Reproduce, exactly and only, the lines of the data that follows from the one containing "Libreria Kartell mod." down to the one containing "입주 차량 일괄 등록", without pictures.

■ **Data for this exercise**
=== Begin Enclosure ===

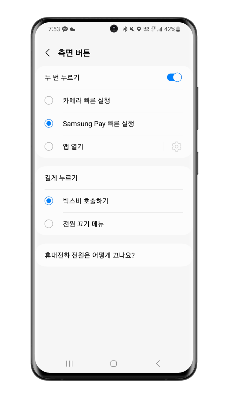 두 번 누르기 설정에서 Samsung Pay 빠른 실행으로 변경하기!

=== End Enclosure ===
=== Begin Enclosure ===

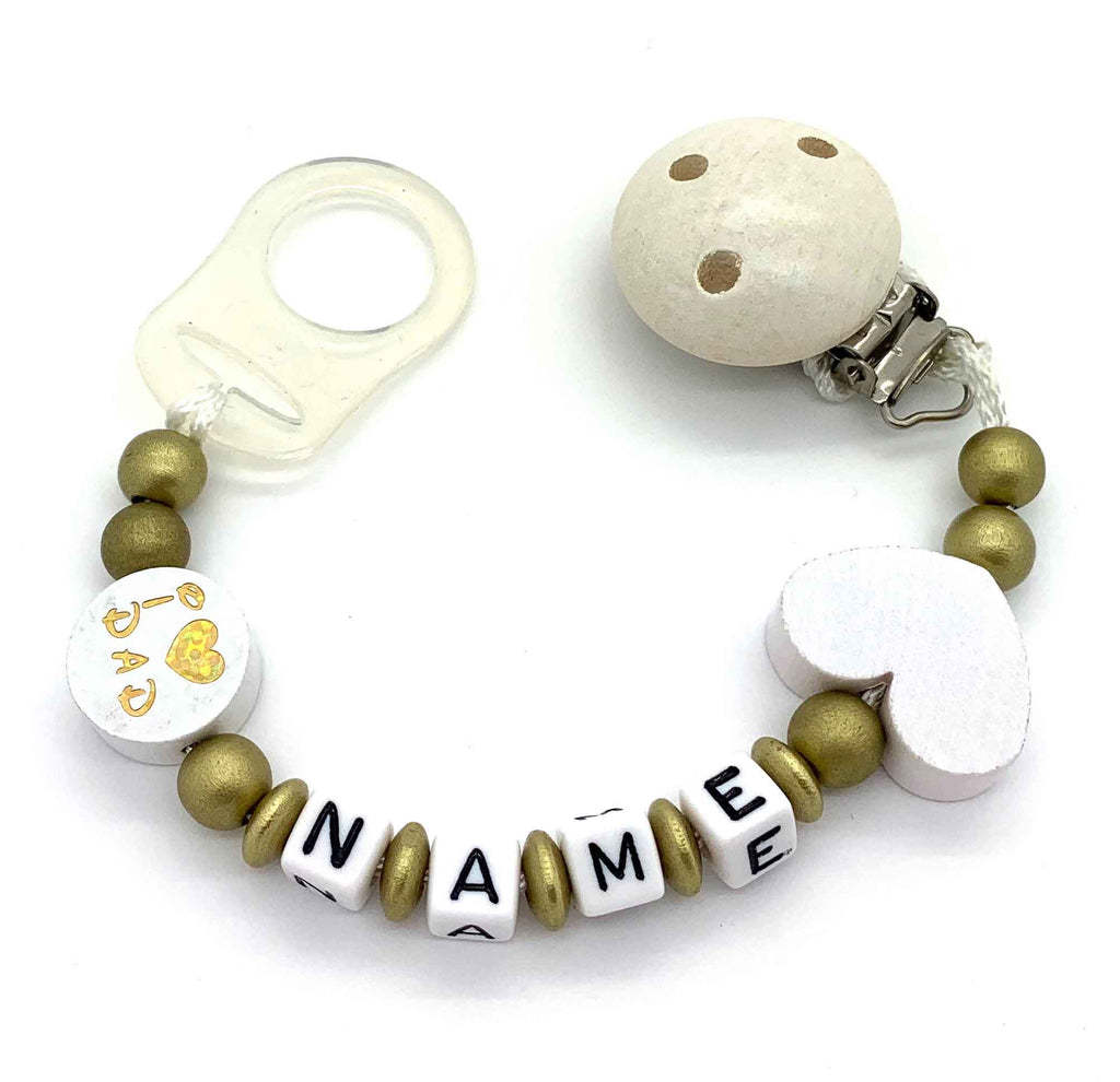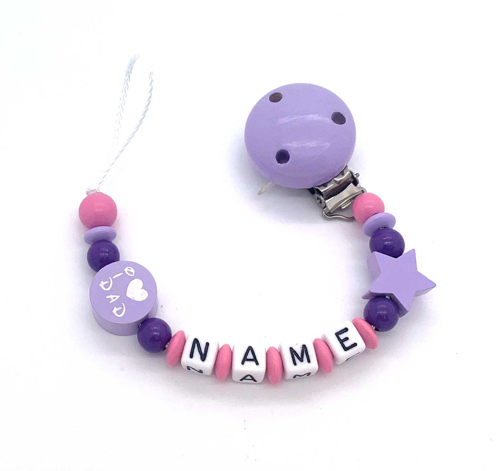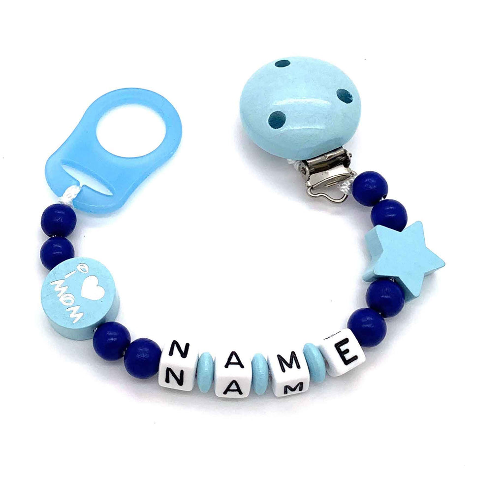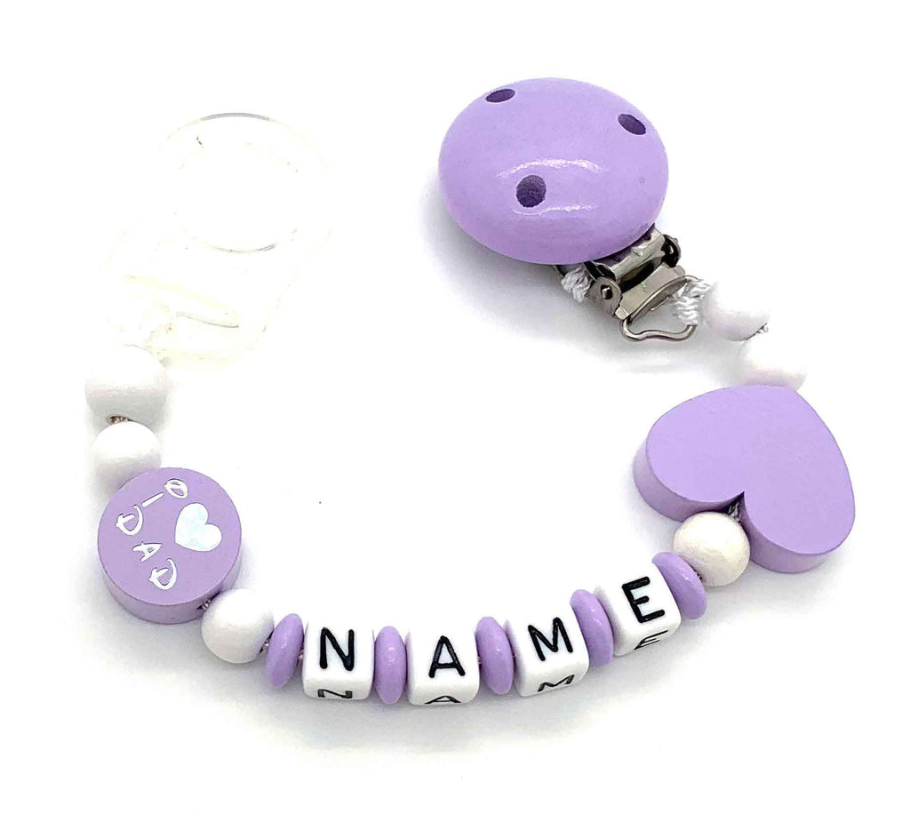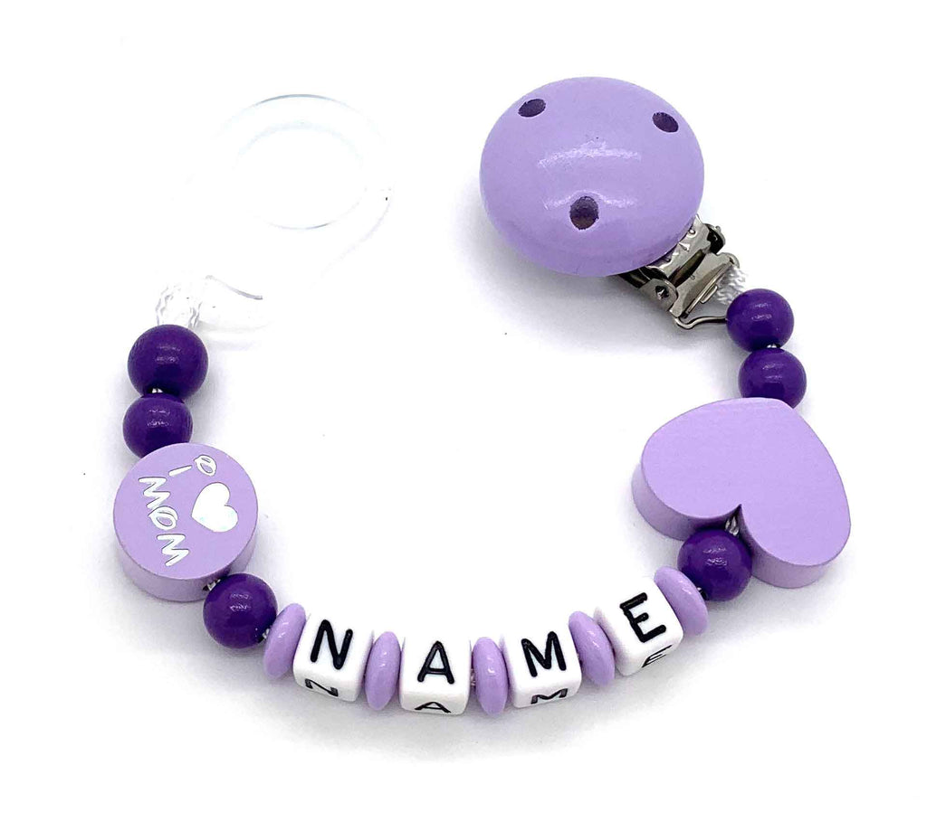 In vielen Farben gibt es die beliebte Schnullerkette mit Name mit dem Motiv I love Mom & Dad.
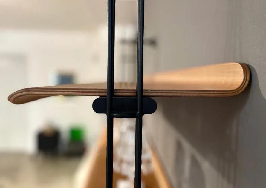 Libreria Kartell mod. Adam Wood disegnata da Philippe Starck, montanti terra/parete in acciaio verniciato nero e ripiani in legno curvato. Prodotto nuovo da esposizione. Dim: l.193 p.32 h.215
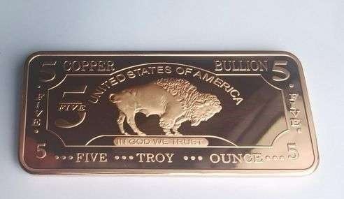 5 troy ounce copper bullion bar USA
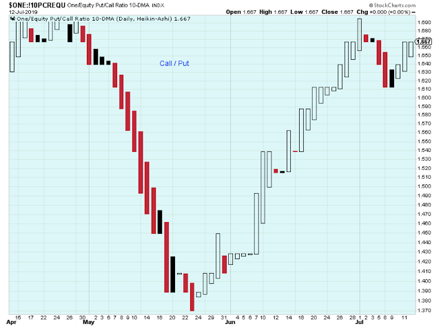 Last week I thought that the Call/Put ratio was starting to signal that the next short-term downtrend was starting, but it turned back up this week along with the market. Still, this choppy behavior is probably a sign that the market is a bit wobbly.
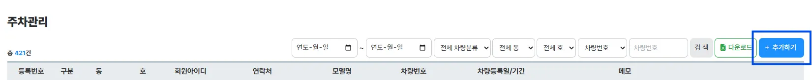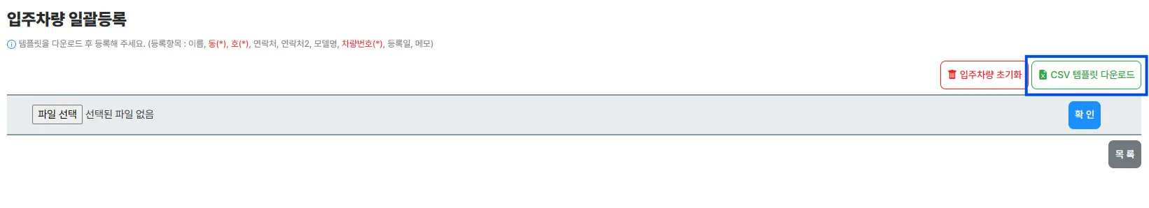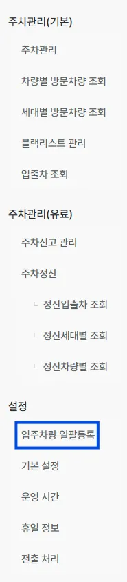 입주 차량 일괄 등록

=== End Enclosure ===
=== Begin Enclosure ===

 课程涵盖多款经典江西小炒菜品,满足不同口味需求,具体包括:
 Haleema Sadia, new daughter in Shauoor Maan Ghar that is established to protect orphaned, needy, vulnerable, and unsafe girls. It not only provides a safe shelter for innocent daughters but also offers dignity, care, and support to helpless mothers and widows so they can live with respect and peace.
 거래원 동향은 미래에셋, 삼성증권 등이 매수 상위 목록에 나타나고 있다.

=== End Enclosure ===

■ **Answer to this task**
 Libreria Kartell mod. Adam Wood disegnata da Philippe Starck, montanti terra/parete in acciaio verniciato nero e ripiani in legno curvato. Prodotto nuovo da esposizione. Dim: l.193 p.32 h.215
 5 troy ounce copper bullion bar USA
 Last week I thought that the Call/Put ratio was starting to signal that the next short-term downtrend was starting, but it turned back up this week along with the market. Still, this choppy behavior is probably a sign that the market is a bit wobbly.
 입주 차량 일괄 등록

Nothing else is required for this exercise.